The CDC still highly recommends inoculation, with vaccine related health problems and deaths of miniscule percentages in relation to doses given and far less common than COVID-19 related health effects and fatalities.

As of July 14, the CDC had confirmed 335 coronavirus deaths among those 17 and under, and 609,505 fatalities total. Over 336 million vaccine doses have been given, and in total 40 cases of thrombosis with thrombocytopenia syndrome and 633 reports of myocarditis or pericarditis related to the vaccines have been confirmed. There are 100 preliminary reports of Guillain-Barré syndrome. As of July 12, VAERS had received 6,079 reports of death among vaccinated individuals, equivalent to 0.0018%. A report is not confirmation the death is vaccine related.

“We need to be available as providers to the parents to ask those questions that may be on their minds. There may be worries, there may be some hesitancy. This is the opportunity to talk to someone you trust about the science, about the data, and make the right decision for your child,” Poterucha says.

“With the level of trust with the provider, we have a good opportunity to dispel myths and rumors. For those parents who wanted more safety data, we have nine or ten months of data going back to the clinical trials showing it is safe. If you’ve been waiting, dig deep and talk to your pediatrician.”

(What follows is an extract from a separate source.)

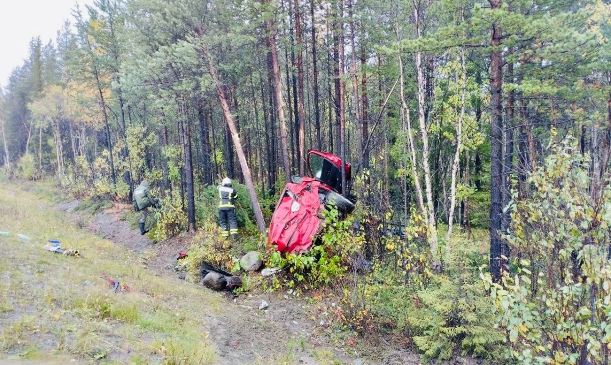 Легковая иномарка съехала с дороги и опрокинулась на левый бок. Авария случилась утром 23 сентября на участке трассы «Кола» недалеко от Магнетитов.

To help make it easier for parents and children to fit in a well child visit and physical prior to the school year, Mayo is offering self scheduling, same-day visits and appointments during evening hours.

Appointments can be scheduled through Patient Online Services or by calling 608-392-8300.

In addition to during regular hours, 7:30 a.m. to 5 p.m. Monday through Friday, appointments will also be offered at La Crosse Pediatrics from 1 to 7 p.m. July 28 and Aug. 5 and 10; at La Crosse Family Health Clinic from 3 to 7 p.m. July 21 and Aug. 4; and at Onalaska Pediatrics from 1 to 7 p.m. Aug. 23.

Gundersen Health System’s pediatrics department can be reached by calling 608-775-6766 for La Crosse or 608-775-8138 for Onalaska. Hours are 8 a.m. to 8 p.m. Monday through Thursday and 8 a.m. to 5 p.m. Friday. The La Crosse site is open Saturday and Sunday from 8 a.m. to noon.